Claim: ‘It is mutating into a more deadly strain’
All viruses accumulate mutations over time and the virus that causes Covid-19 is no different. How widespread different strains of a virus become depends on natural selection – the versions that can propagate quickest and replicate effectively in the body will be the most “successful”. This doesn’t necessarily mean most dangerous for people though, as viruses that kill people rapidly or make them so sick that they are incapacitated may be less likely to be transmitted.
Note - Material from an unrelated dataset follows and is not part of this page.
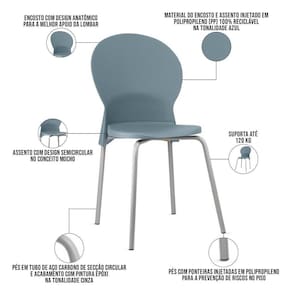 Material do encosto e assento injetado em Polipropileno (PP) 100% reciclável, na tonalidade Azul.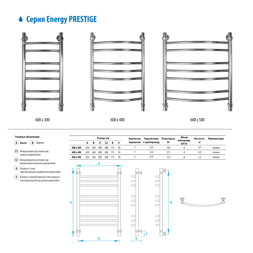 Полотенцесушитель Energy Prestige 60х50 хром интересное:

Genetic analysis by Chinese scientists of 103 samples of the virus, taken from patients in Wuhan and other cities, suggests that early on two main strains emerged, designated L and S. Although the L strain appeared to be more prevalent than the S strain (about 70% of the samples belonged to the former), the S branch of the virus was found to be the ancestral version. The team behind this research suggested that this may indicate the L strain is more “aggressive”, either transmitting more easily or replicating faster inside the body. However, this theory is speculative at this stage – there haven’t yet been direct comparisons to see whether people who catch one version of the virus are more likely to pass it on or suffer more severe symptoms.
Flu viruses are fundamentally different from coronaviruses in that they are constantly shuffling their genomes, which means they rapidly morph from one strain into another – that’s why flu vaccines are needed annually. Coronaviruses tend to be genetically fairly stable and so scientists don’t expect a sudden shift in the mortality rate of Covid-19. But the question of whether coronavirus will disappear, reappear in waves or simmer in the background as an endemic illness still remains to be answered.